4 Results of Incremental Evolution

Figure 5 (left) shows the summary statistics for ten incremental evolutionary runs. The height of the bars shows the mean numbers of generation to a robust, successful solution at each stage (that is, a high-scoring solution that remains the best in the population for 30 generations with re-evaluations on each generation, thus eliminating “lucky” individuals that scored well once; a high score for obstacle avoidance is 500, for both the visual tasks it is 1). The error bars show the standard error of the mean. All runs were successful at each stage, with moderate standard errors, indicating that the methodology is highly robust. All evolutionary runs started from fully random “primordial soup” populations except when seeded from a previous incremental evolutionary stage; that is, no hardcoding of genotypes was made at any point. Videos of all the behaviours described in this section can be found at www.sussex.ac.uk/easy/research/ehw-vids. At each stage very good transference to the real robot was achieved.

4.1 Obstacle Avoidance

After approximately 250 generations (mean ± s.e. = 261 ± 51) optimal avoiders evolved on each run, going full steam ahead as much as possible. A typical such avoider is illustrated in Figure 6. This one had a slight bias towards a constant left turn, which helped it lock into the optimal attractor around the central obstacle. When approaching a wall head-on, it usually turned left. Some others had a corresponding right bias, these were the two classes of successful avoiders that emerged.

The controller shown in Figure 6 transferred very well onto the real robot, producing qualitatively almost identical behaviour to that in the simulator, as can be seen on the right hand side of the figure. Ten fitness evaluations of this controller (the best at the end of an evolutionary run) were measured in the real world with the evaluation function used during evolution. Its mean fitness was 95.1 ±1.6% of the mean fitness in simulation over ten evaluations. The robot was slightly slower in some areas of the arena, where the floor was not perfectly flat, and sometimes rotated away from walls more slowly than in simulation, which accounts for the slightly lower overall fitness. It generalized very well, dealing with obstacles introduced in real time and coping with environments more complex and cluttered than the one used for evolution. When approaching a wedge-shape corridor it slowed down and inched through the gap if it was wide enough, or stopped if not. (See videos at www.sussex.ac.uk/easy/research/ehw-vids.) All other successful avoiders transferred to reality equally well.

4.2 Vision-Based Goal Approach in Empty Arena

Seeded from the best obstacle avoider from the end of first stage, after approximately a further 1200 generations (1228 ± 381) robust successful visual goal finding (homing) controllers were evolved on each of the incremental runs. The behaviour of a typical successful evolved controller is shown in Figure 7. It begins by rotating clockwise until the goal is behind it.
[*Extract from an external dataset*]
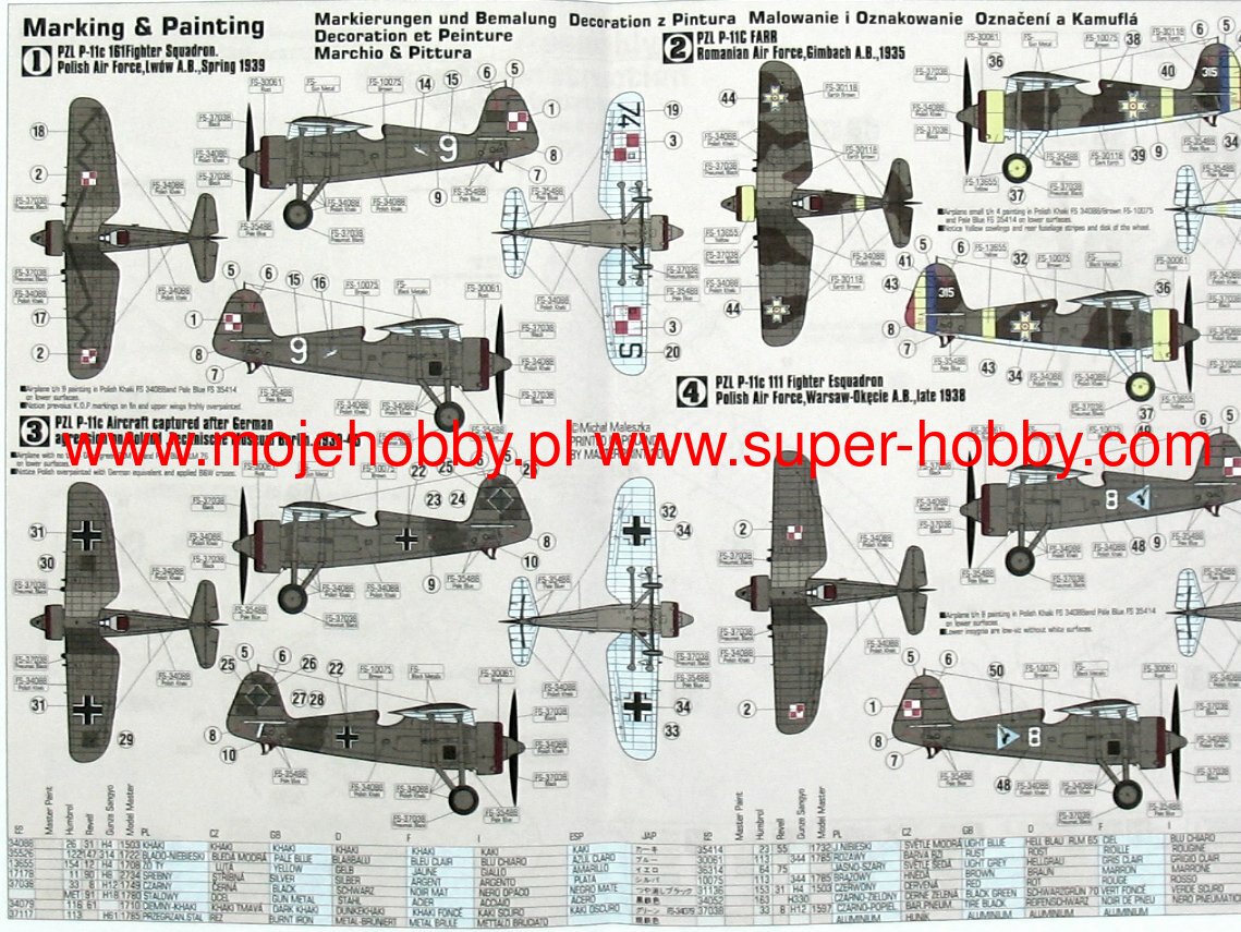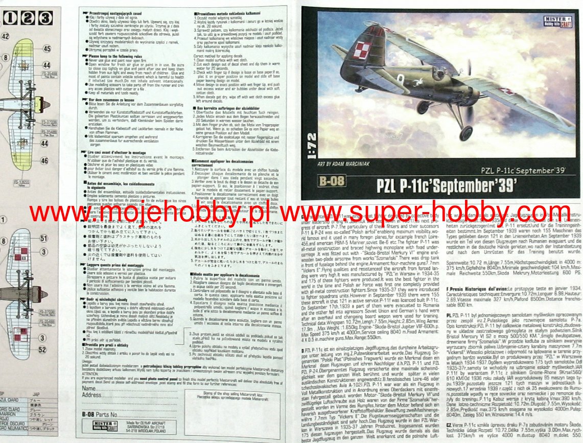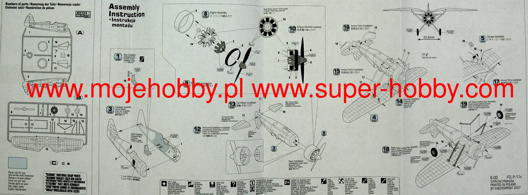 Note: Comany Mistercraft frequently changes, without any notice, the decals that come with the model, so they may differ from the photos and descriptions on our website. If you need a specific version, please let us know about that by entering the appropriate notice in the comments field when placing the order. The PZL P.11a (the so-called eleven) is a Polish, single-engine fighter plane with a metal structure with Puławski wings, a classic tail and a fixed landing gear. The flight of the prototype took place in 1931, but serial production continued in 1937-1939. The first serial version is the PZL P.11a powered by the Bristol Mercury IV S2 engine with a power of 550 HP. However, it was treated as a transitional version and only 50 were ordered. The most famous version of the "eleven" - PZL P.11c - appeared in the summer. It had an improved fuselage, wings and a vertical stabilizer. It all improved the aerodynamics of the plane. The drive unit has not changed. The interest in the construction was expressed by, among others, Romania, where 95 units of the licensed PZL P.11 were manufactured at the IAR plants. At the outbreak of the war, all versions of the P.11 were much slower than their German opponents, but at the same time had greater maneuverability, high rate of climb and a less emergency engine than German planes. They had many victories over the enemy during the September campaign, mainly as part of the Pursuit Brigade. Technical data (version P.11c): length: 7.55m, wingspan: 10.72m, height: 2.85m, maximum speed: 367km / h, rate of climb: 14.5m / s, maximum ceiling: 8000m, range maximum: 550 km, armament: fixed - 2 machine guns wz.33 cal.7.92 mm.

If it misses “locking the target” in one rotation (due to the low frame rate and distant target), it slows its rotation speed down until it catches it. At that point it starts approaching the goal in reverse with a very slight left turn. This left turn causes it to occasionally “unlock” the target which prompts a return to the clockwise rotation whereon the robot quickly locks back onto the target again: this amounts to an evolved calibration method which also allows it to deal with natural drift due to motor noise. Upon reaching the target, the robot maximizes its fitness score by moving back and forth from the target while staying within the (double scoring) goal zone: remarkably complex behaviour for considerably less than 256 transistors. Traces of the best individuals throughout this particular evolutionary run can be seen in Figure 7, giving an idea of how the behaviour developed over evolutionary time.
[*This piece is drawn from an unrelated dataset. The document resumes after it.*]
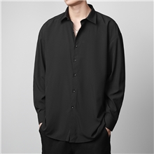 男士长袖衬衫免烫春秋款休闲港风垂感宽松黑色衬衣高级感痞帅外套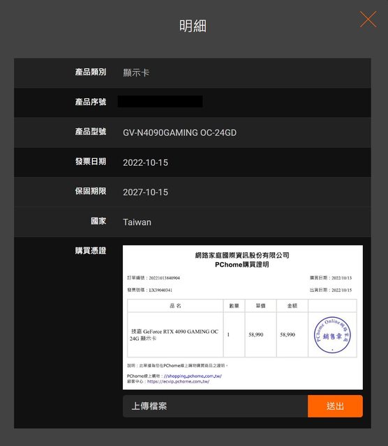 1. 2022/10/15自PCHome購入,五年保固至2027/10/15

The best controller at the end of each evolutionary run transferred very well to the real arena (Figure 7) robustly identifying and approaching the target from all parts of the arena and qualitatively replicating the behaviour seen in the simulator. Ten fitness evaluations of the controller shown in Figure 7 were measured in the real world with the evaluation function used during evolution. Its mean fitness was 96.3 ± 1.8% of the mean fitness in simulation over ten evaluations. The robot was sometimes slightly slower in rotating and locking onto the target, and like the obstacle avoiders, was slower moving in some (unlevel) areas of the arena. Figure 7 (far right) shows the controller generalising to a fairly significant variation in the environment which was unseen during evolution, namely an obstacle obscuring the view of the target. The controller also generalized well to a moving “portable target” (a red plastic box) through its natural recalibration mechanism. On other runs the solutions found were very similar at the behavioural level; some rotated in the opposite direction, some moved forwards rather than backwards, some used slightly larger looping movements and tended to approach from more of an angle. The very fittest all produced behaviour very similar to that shown in Figure 7.
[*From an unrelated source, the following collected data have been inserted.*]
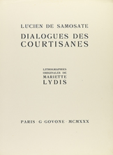 1930. LIBRO: (BIBLIOFILIA). SAMOSATE, LUCIEN DE: DIALOGUES DES COURTISANES. Paris: G. Govone, 1930. Folio mayor. Contienen 12 diáglogos con 12 litografías de Mariette Lydis firmadas por la artista. Papel de la ilustración X tostada. En rama,...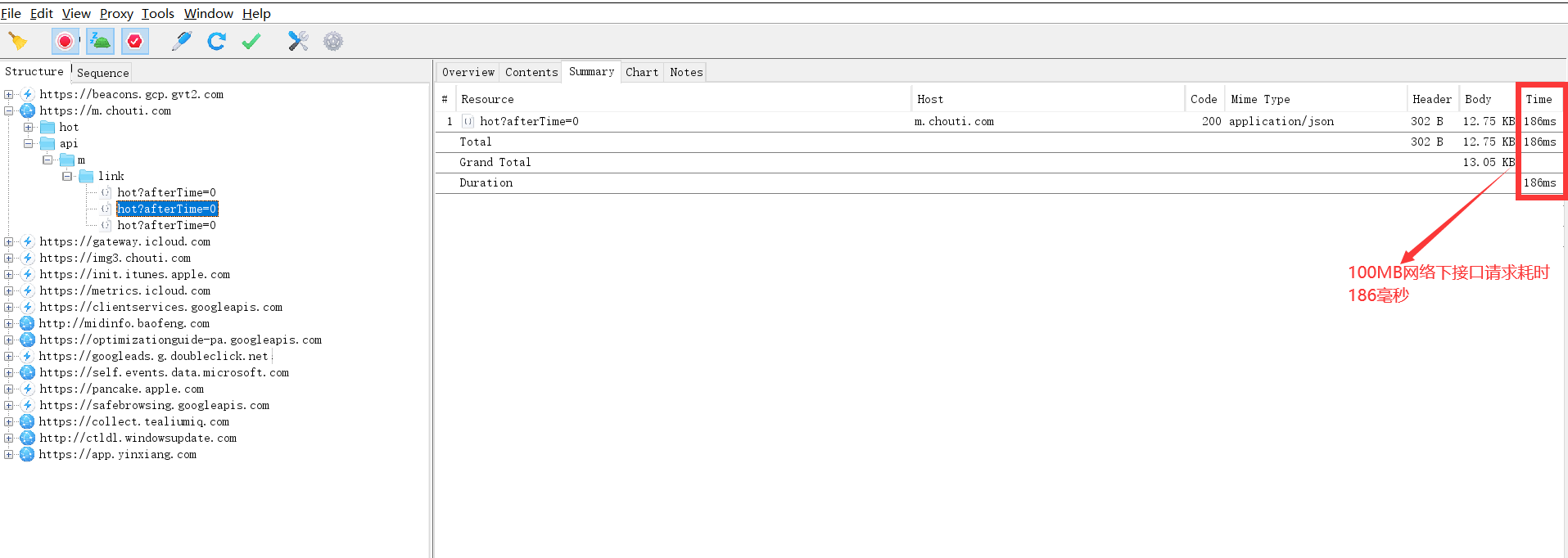 2.进行抓包可以看到不同网络情况下接口请求的耗时是不一样的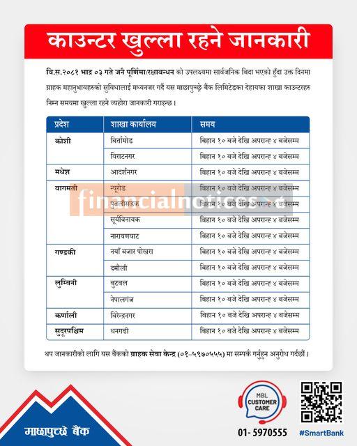 बैंकको काउन्टर खुल्ला रहने सम्बन्धी सूचना -

4.3 Visual-Based Goal Approach in Maze Environment

In each of the ten incremental runs, after approximately a further 5500 generations (5590 ± 986), seeded from the best individual from the previous stage, robust visual target finding behaviours evolved for a far more complex environment which included a maze in the arena in the form of cylinders of varying colours. Figure 8 shows plots of the best robot's paths to goal for a typical run. The robot approaches and stays at the target from any start position. With all visual sensors clamped to 0, this controller spins counterclockwise with a 12 cm radius whilst avoiding collisions when encountering a wall both on its left or right, demonstrating that it uses visual and IR sensing. An initial investigation of the controller revealed that when sensor #4 (greyscale light detecting sensor in the front-right of the robot's visual field in Figure 10) fires the robot straightens up. Given the location of the three interlocking white cylinders (appearing cyan and on the right in the simulated robot trajectories in Figure 8) and the size of the turning angle relative to the quadrants, the above is sufficient for the robot to arrive at the target reliably. The controller has adapted the robot's behavioural “morphology” or natural turning angle to the environment, and exploited efficient visual clues for navigation by using appropriate positions and properties for its visual sensors. As the robot reaches the target wall, it looses sight of the white cylinders and turns left, arriving with the target on its front right. Here the balance between sensor #1 and the others forces a clockwise turn, and the natural (and right IR induced) counterclockwise turn which happens once it has rotated past the target, create a goal-sitting calibration mechanism. The amounts by which each wheel is made to go forwards or backwards given the target sensor and right IR values are precisely those required to accumulate maximum points during evolution by remaining in the goal zone. The results of this run with a complex environment is an example of evolution harnessing complexity (and asymmetry) in an environment in order to structure its behaviour and produce high fitness. By allowing evolution to shape and then exploit the robot-environment dynamics, along with the visual sensor morphology and properties, an elegant, and remarkably resource efficient, controller emerged. Although quite subtle, the evolved visual processing using to solve the task is extraordinarily minimal.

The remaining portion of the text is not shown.